[Data records]
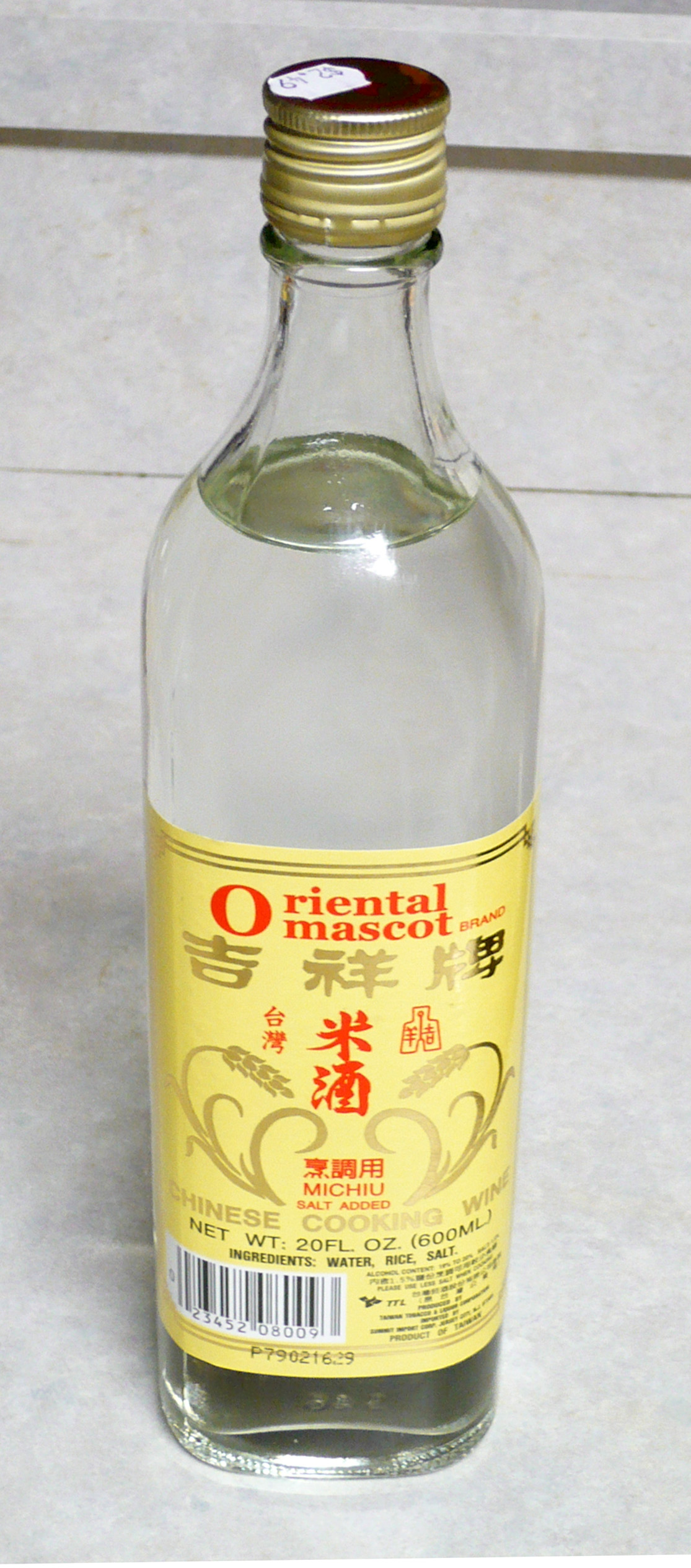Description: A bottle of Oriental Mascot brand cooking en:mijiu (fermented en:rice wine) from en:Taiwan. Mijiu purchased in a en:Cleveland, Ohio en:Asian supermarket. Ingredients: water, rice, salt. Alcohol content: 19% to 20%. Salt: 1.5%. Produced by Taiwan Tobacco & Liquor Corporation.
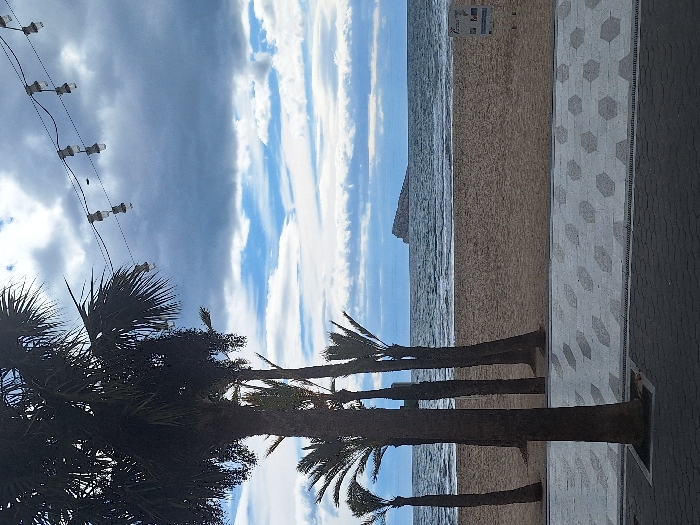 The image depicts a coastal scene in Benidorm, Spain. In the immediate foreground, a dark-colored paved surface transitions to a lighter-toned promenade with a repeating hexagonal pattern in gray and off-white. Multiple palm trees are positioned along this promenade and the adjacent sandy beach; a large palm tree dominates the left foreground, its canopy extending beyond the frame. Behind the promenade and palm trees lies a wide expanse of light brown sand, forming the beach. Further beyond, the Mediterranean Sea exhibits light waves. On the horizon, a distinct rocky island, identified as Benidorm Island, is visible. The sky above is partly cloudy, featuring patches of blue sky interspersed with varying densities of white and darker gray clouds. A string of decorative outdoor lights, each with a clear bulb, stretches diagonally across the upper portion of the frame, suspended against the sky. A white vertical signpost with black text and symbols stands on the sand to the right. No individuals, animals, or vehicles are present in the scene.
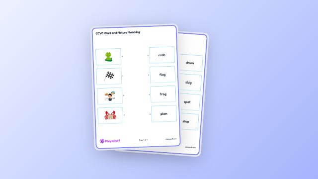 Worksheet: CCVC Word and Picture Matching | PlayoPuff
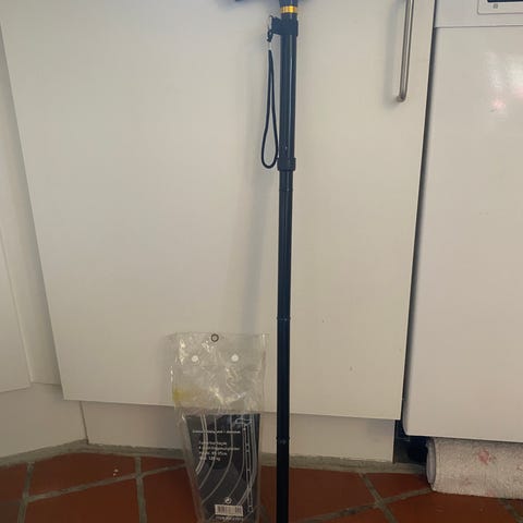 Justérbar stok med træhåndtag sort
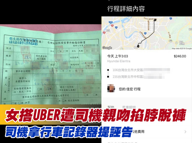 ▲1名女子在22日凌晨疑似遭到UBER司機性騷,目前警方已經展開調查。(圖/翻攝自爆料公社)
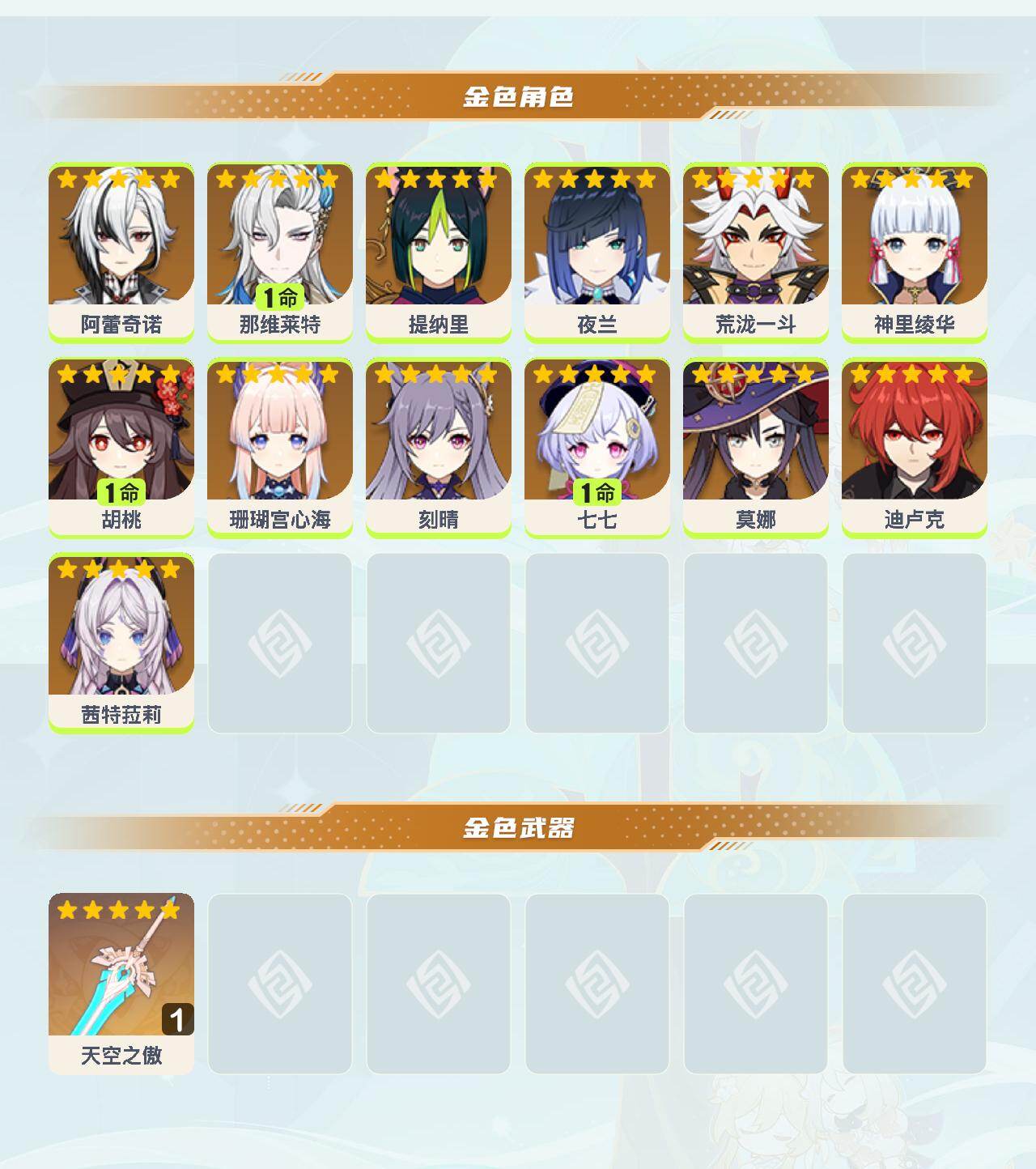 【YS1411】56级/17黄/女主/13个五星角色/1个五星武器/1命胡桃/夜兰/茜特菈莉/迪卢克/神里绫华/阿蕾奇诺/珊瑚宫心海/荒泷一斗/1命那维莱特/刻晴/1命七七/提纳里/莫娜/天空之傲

[Assignment] Write out an exact reproduction of the lines from the line that holds "Worksheet: CCVC Word" to the bottom of the listing above, both ends included. Exclude pictures.

[Written solution]
 Worksheet: CCVC Word and Picture Matching | PlayoPuff
 Justérbar stok med træhåndtag sort
 ▲1名女子在22日凌晨疑似遭到UBER司機性騷,目前警方已經展開調查。(圖/翻攝自爆料公社)
 【YS1411】56级/17黄/女主/13个五星角色/1个五星武器/1命胡桃/夜兰/茜特菈莉/迪卢克/神里绫华/阿蕾奇诺/珊瑚宫心海/荒泷一斗/1命那维莱特/刻晴/1命七七/提纳里/莫娜/天空之傲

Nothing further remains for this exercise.